-- TASK INSTRUCTIONS --
Print all of the data exactly, but drop the pictures.

-- SUPPLIED INFORMATION --

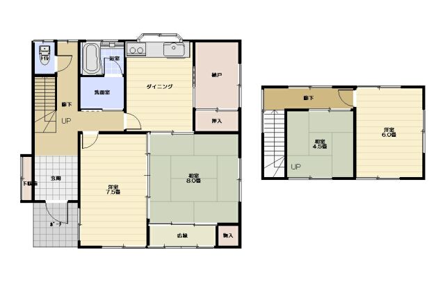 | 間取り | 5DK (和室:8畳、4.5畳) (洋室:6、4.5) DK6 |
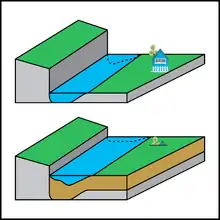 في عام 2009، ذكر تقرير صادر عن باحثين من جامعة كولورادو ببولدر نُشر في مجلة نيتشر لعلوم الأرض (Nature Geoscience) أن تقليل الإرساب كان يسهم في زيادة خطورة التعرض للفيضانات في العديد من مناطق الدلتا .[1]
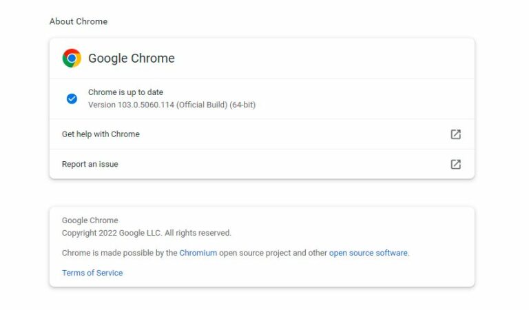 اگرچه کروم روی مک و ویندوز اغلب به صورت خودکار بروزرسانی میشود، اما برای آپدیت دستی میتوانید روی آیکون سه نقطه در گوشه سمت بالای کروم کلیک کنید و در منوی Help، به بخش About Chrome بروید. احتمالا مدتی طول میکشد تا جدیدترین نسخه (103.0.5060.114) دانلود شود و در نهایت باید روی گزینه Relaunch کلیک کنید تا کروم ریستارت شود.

-- RESPONSE AREA --
 | 間取り | 5DK (和室:8畳、4.5畳) (洋室:6、4.5) DK6 |
 في عام 2009، ذكر تقرير صادر عن باحثين من جامعة كولورادو ببولدر نُشر في مجلة نيتشر لعلوم الأرض (Nature Geoscience) أن تقليل الإرساب كان يسهم في زيادة خطورة التعرض للفيضانات في العديد من مناطق الدلتا .[1]
 اگرچه کروم روی مک و ویندوز اغلب به صورت خودکار بروزرسانی میشود، اما برای آپدیت دستی میتوانید روی آیکون سه نقطه در گوشه سمت بالای کروم کلیک کنید و در منوی Help، به بخش About Chrome بروید. احتمالا مدتی طول میکشد تا جدیدترین نسخه (103.0.5060.114) دانلود شود و در نهایت باید روی گزینه Relaunch کلیک کنید تا کروم ریستارت شود.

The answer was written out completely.